● **Material for the task**
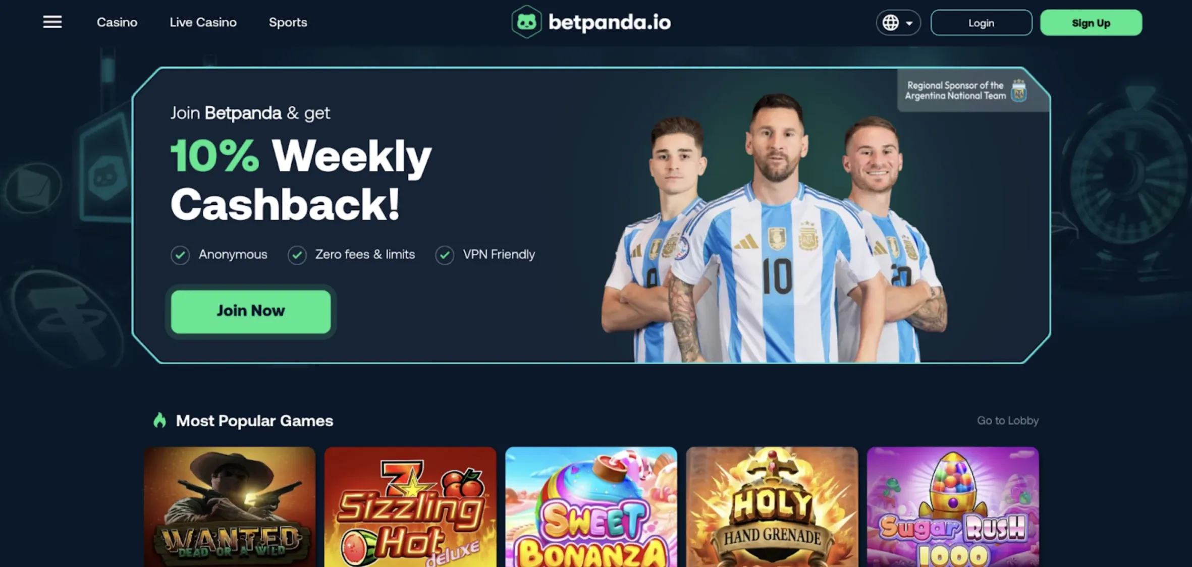 BetPanda integrates the Bitcoin Lightning Network for near-instant deposits and withdrawals with minimal fees. Its 5,000+ games, including Aviator and various live casino options, offer significant variety. Its no-KYC policy and weekly 10% cashback are attractive features.
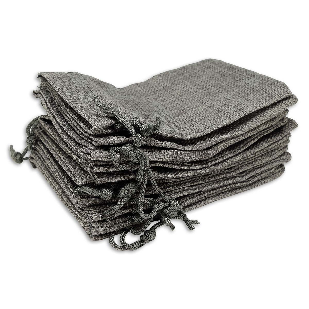 4" x 6" Gray Linen Burlap Drawstring Gift Bags
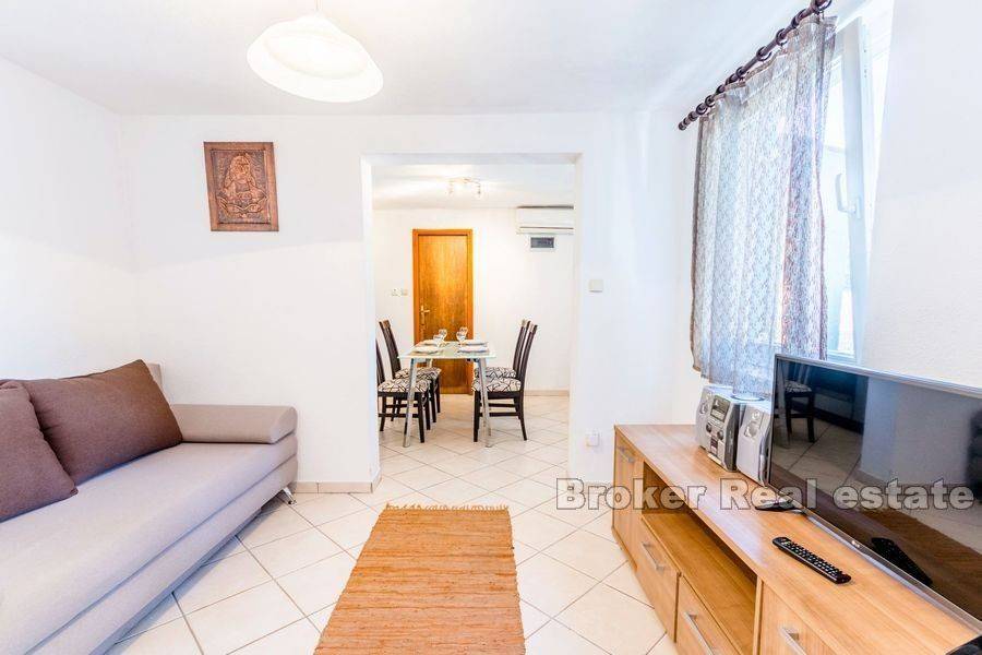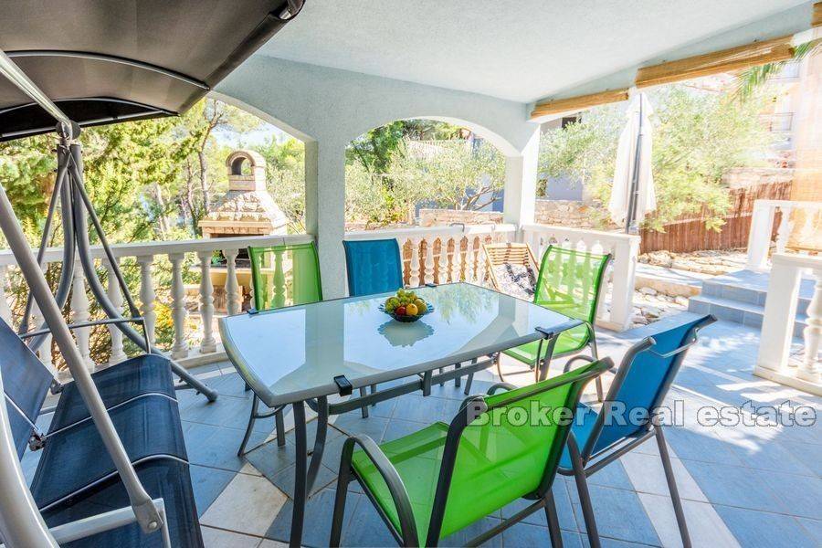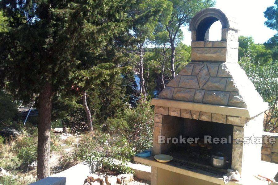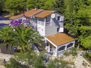 Kuća smještena u lijepoj uvali na otoku braču, s pogledom na more.  Kuća je površine 260 m2, a sastoji se od 4 jednosobna apartmana (kuhinja, dnevni boravak, spavaća soba, kupaonica, terasa) i jednog studio apartmana (15 m2 + natkrita terasa 20 m2).  Svaki apartmanima ima poseban ulaz.  Apartmani su kompletno uređeni, keramika i. klasa postavljena po svim apartmanima i terasama, izo-prozori, sigurnosna ulazna vrata, telefon, satelitska TV, septička jama.  Okućnica je površine 293 m2.  Kuća ima 4 parkirna mjesta.  Plaža je udaljena 50 m makadamskom stazom, gdje postoji i vez za brod.   Kuća ima građevinsku dozvolu i kategorizaciju (tri zvjezdice) za iznajmljivanje.
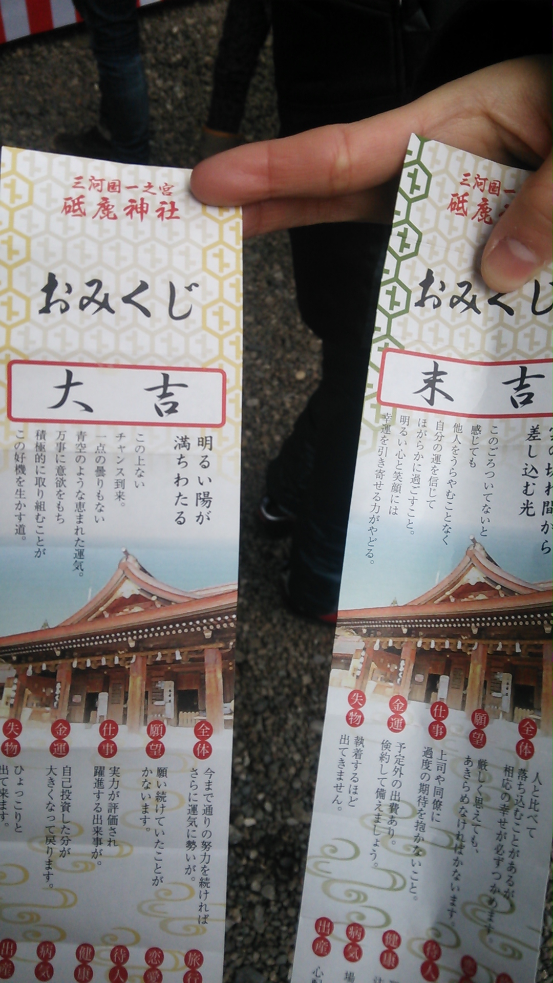 ここでお参りをし、おみくじを引くと大吉で、嫁は末吉でした。
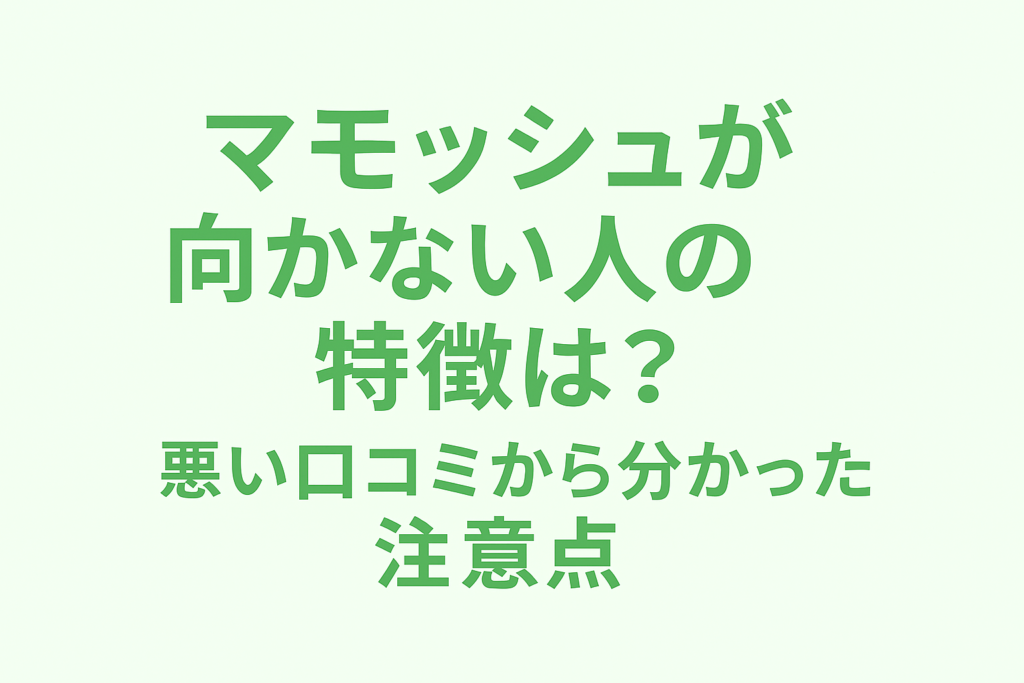 「マモッシュ 悪い口コミ」を調べている人の中には、 「自分には合わない商品だったらどうしよう」と不安に感じている方も多いはずです。 ここでは、口コミや商品特性をもとに、マモッシュが向かない可能性がある人の特徴を正直に解説します。 【マモッシ... -
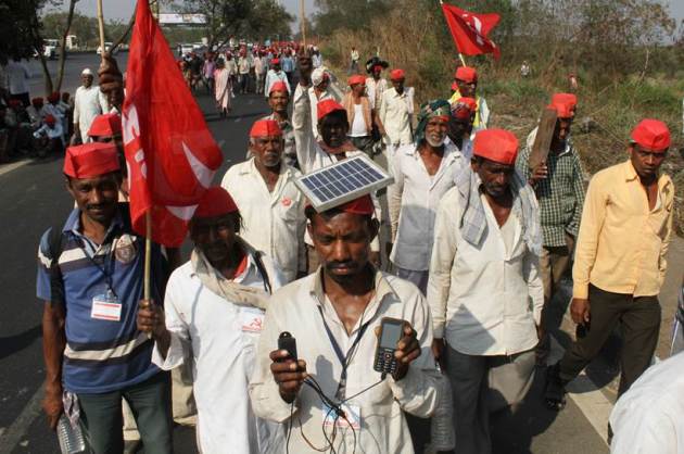 The " long march" which was called by Akhil Bharatiya Kisan Sabha(ABKS) affiliated to the CPI(M)demanded a complete farm loan waiver, transfer of forest land to tillers, implementation of the Swaminathan Commission’s recommendations, compensation of Rs 40,000 per acre to farmers hit by hailstorm and pink bollworm, and putting a stop to sharing the state’s water with Gujarat. Express photo by Prashant Nadkar

● **Task requirements**
The answer must consist solely of the lines from the first line of the records through the line containing "Drawstring Gift Bags", reproduced exactly and without the pictures.

● **Result for this exercise**
 BetPanda integrates the Bitcoin Lightning Network for near-instant deposits and withdrawals with minimal fees. Its 5,000+ games, including Aviator and various live casino options, offer significant variety. Its no-KYC policy and weekly 10% cashback are attractive features.
 4" x 6" Gray Linen Burlap Drawstring Gift Bags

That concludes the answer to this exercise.